[WORK ORDER]
For this exercise, transcribe every line of the material exactly and skip the pictures.
GIVEN INFORMATION Block Start
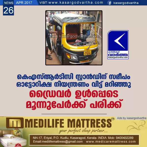 Keywords: Kasaragod, KSRTC, Autorickshaw, Driver, Injured, Bus stand, Road, Vehicle, Hospital, Autorickshaw accident; Three injured.
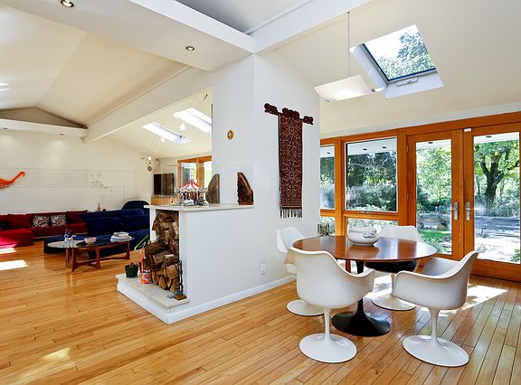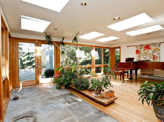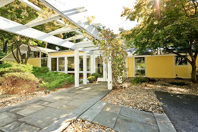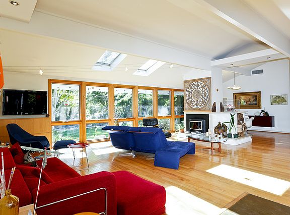 Meandering up the winding drive is just the beginning of a magical experience!At the top appears a mid century modern home with soaring ceilings,incredible natural light and euphoric space.The front entranceway greeting is not only serene but has an understated elegance with the use of natural materials both inside and out.At every turn,nature abounds with walls of glass and multiple skylights.All this set on 5 plus acres to guarantee privacy,on one of the most beautiful roads in Westchester.
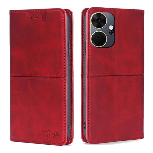 Funda de Cuero Magnético para Itel P55 + 4G con Textura de Vaca (Rojo)
GIVEN INFORMATION Block End
[REPLY TO THE TASK]
 Keywords: Kasaragod, KSRTC, Autorickshaw, Driver, Injured, Bus stand, Road, Vehicle, Hospital, Autorickshaw accident; Three injured.
 Meandering up the winding drive is just the beginning of a magical experience!At the top appears a mid century modern home with soaring ceilings,incredible natural light and euphoric space.The front entranceway greeting is not only serene but has an understated elegance with the use of natural materials both inside and out.At every turn,nature abounds with walls of glass and multiple skylights.All this set on 5 plus acres to guarantee privacy,on one of the most beautiful roads in Westchester.
 Funda de Cuero Magnético para Itel P55 + 4G con Textura de Vaca (Rojo)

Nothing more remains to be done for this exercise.